Theodora and Grendel had not yet arrived.
This gnawed at Zorikh to no end, and his edginess was obviously apparent. As he stared out into the moonlit garden from his place at the mead bench, Zorikh felt a light touch on his shoulder and heard Beowulf’s voice.
“Try to relax friend,” Beowulf said as he took a seat next to Zorikh, “tests of courage and skill come soon enough, no need to work ourselves into a knot waiting for it.”
Zorikh’s concern for Theodora and Grendel had eaten up so much of his attention that it took a second for him to realize that Beowulf was referring to the murderer. Tonight was the full moon, the time when the monster, or whatever it was, came to Heorot. Beowulf’s thanes all wore mail tonight, and kept their helmets and shields close at hand.

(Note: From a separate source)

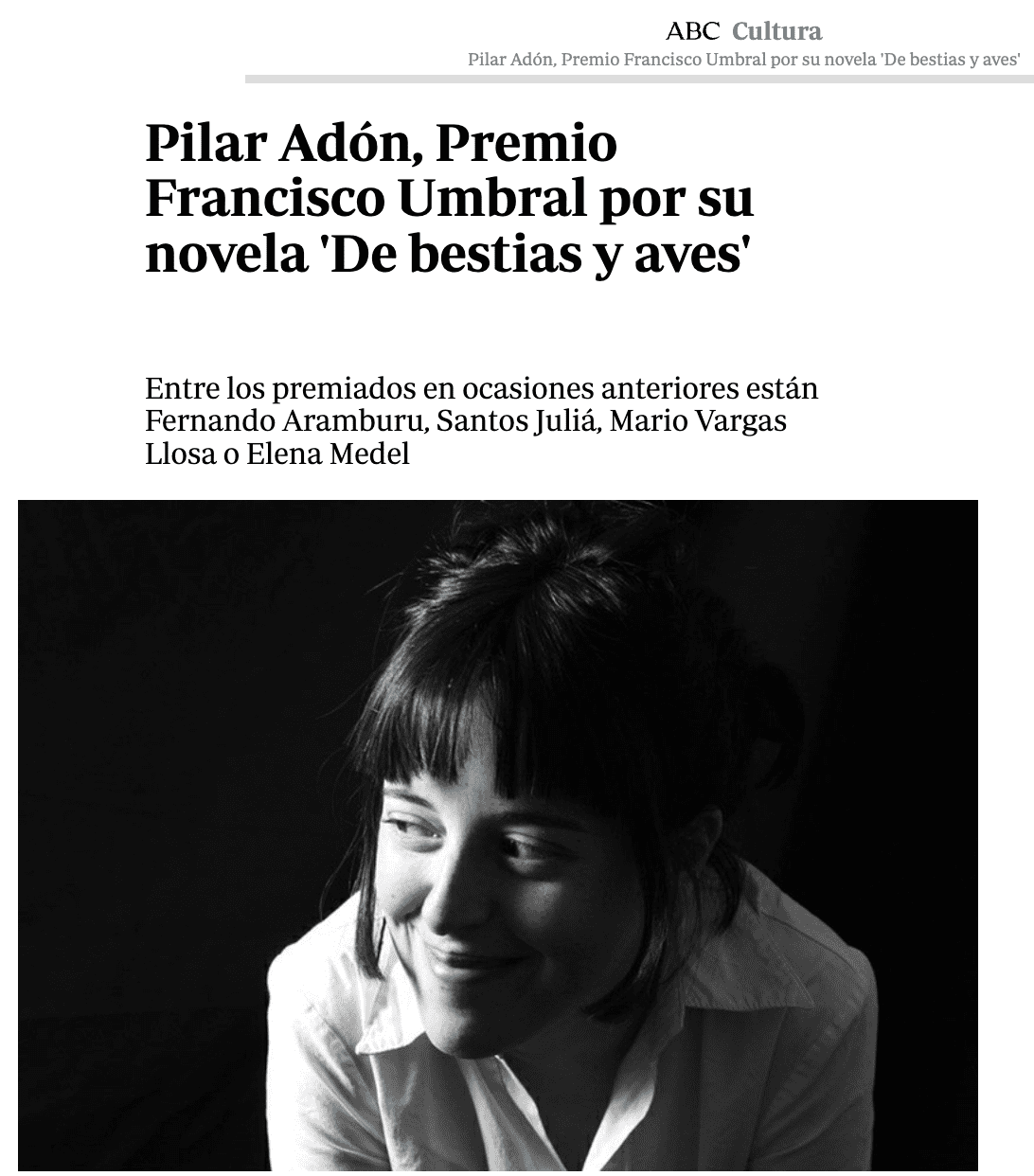 El Norte de Castilla se centra en la viuda del escritor que da nombre al galardón: «María España, presidenta de la Fundación Francisco Umbral, ha comunicado la noticia a la ganadora, Pilar Adón, quien ha declarado: «La ilusión ha sido enorme. Es un premio muy especial para mí, por lo que significa como galardón, por el nombre que lleva y por la nómina de ganadores de años previos que son referentes de las letras españolas». Sobre el propio Francisco Umbral añade: «Francisco Umbral siempre fue un referente para mí, como lo fue para buena parte de los escritores y lectores de mi generación. Su posicionamiento estético, su honradez literaria, su coherencia, su humor, su militancia como escritor pleno, su apuesta por el lenguaje desnudo y, a la vez, su tremenda capacidad lírica para describir el amor, el dolor y la época que le tocó vivir»». Otros medios, sin embargo, sí se acuerdan de quienes patrocinan este galardón, como ABC: «El premio está dotado con 12.000 euros (cantidad con la que el Ayuntamiento de Majadahonda contribuye como patrono a la Fundación Francisco Umbral), y una escultura diseñada por Alberto Corazón. Se reconoce el mejor libro de los escritos en castellano editado entre el 1 de enero y el 31 de diciembre de 2022. El jurado ha decidido otorgar el premio a Pilar Adón por su novela ‘De bestias y aves’: «Esta es una novela enigmática con un estilo propio que combina la imaginación, el misterio y la poesía».

Spears for thrusting and throwing leaned against the walls near the mead tables. There was a definite tension among the warriors, even Beowulf seemed a bit on the edge, despite his words of reassurance. The big thane held a cup of mead, but drank only a sip at a time. He smiled tightly at Zorikh, the corners of his eyes crinkling as he did so.
“I’m just wondering where Theodora and Grendel are.” Zorikh said. “They were supposed to be here by now.”
“Theodora’s fine,” Beowulf answered almost automatically, “She’s craftier than an otter, that one. I’d not worry on it. If she told you she’d come, then she’ll come.” Zorikh nodded mutely, somewhat thankful that Beowulf took time to offer him comfort. “Have some mead Zorikh,” Beowulf insisted, “but not too much at a time eh?”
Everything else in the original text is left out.